First, I thank the hon. Member for Mid Derbyshire (Pauline Latham) for calling a debate on such an important topic so soon after world AIDS day. I also thank hon. Members from all parties for their thoughtful and important contributions to this debate on what I still regard as one of the priorities for all of us in this day and age. I sometimes feel that, with the advent of drugs that mean people can live with AIDS rather than it being a death sentence, a complacency has begun that somehow the situation is not as bad as it was. With the tantalising prospect of zero infections and zero transmissions just out of reach, we know that success can be achieved, but if any of us let up on our commitment to tackling the disease it will not happen. We must translate our commitment in Westminster Hall today to those around the world who have the power to take the fight forward, and we must keep going in that regard.
As many Members have said, there is much to celebrate. The latest UNAIDS report shows an unprecedented pace of progress in the global AIDS response, with 700,000 fewer new HIV infections each year across the world than a decade ago, especially among newborn children.
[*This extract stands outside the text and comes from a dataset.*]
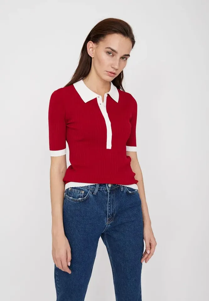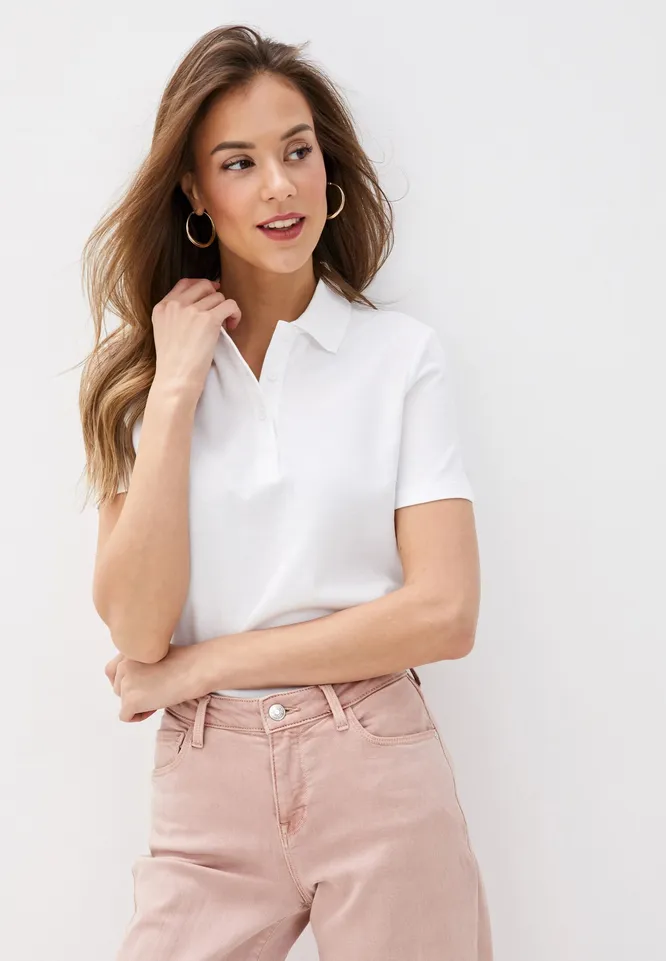 Облегающее поло в рубчик с контрастным белым воротничком и манжетами послужит яркой деталью в твоем повседневном образе. Его можно носить с джинсами, светлыми брюками или юбками, а также сочетать со спортивной одеждой. Отличный вариант на весну.

The work to eliminate HIV transmission from mother to child is clearly delivering results. More than 8 million people now have access to treatment and, for the first time, countries are investing more money in HIV than is received from global giving, which shows that we are moving forward to a sustainable response. That is really good news.
Many people, including me just now, have raised the possibility of seeing an end to transmission—zero infections—but so much is still to be done, and there are risks that could seriously jeopardise the incredible progress we have made. Too many people are still getting infected, with 2.5 million new infections last year. Women remain disproportionately affected, accounting for 58% of people living with HIV in Africa, and I will come on to specific points raised about that in a moment. Some 7 million people still do not receive the treatment they need, and in low and middle-income countries work to address HIV in key populations—sex workers, men who have sex with men, injecting drug users and prisoners—is still almost entirely funded by international sources, which is an inadequate human rights response and is not sustainable. I will come on to some of the issues relating to human rights and homosexuality.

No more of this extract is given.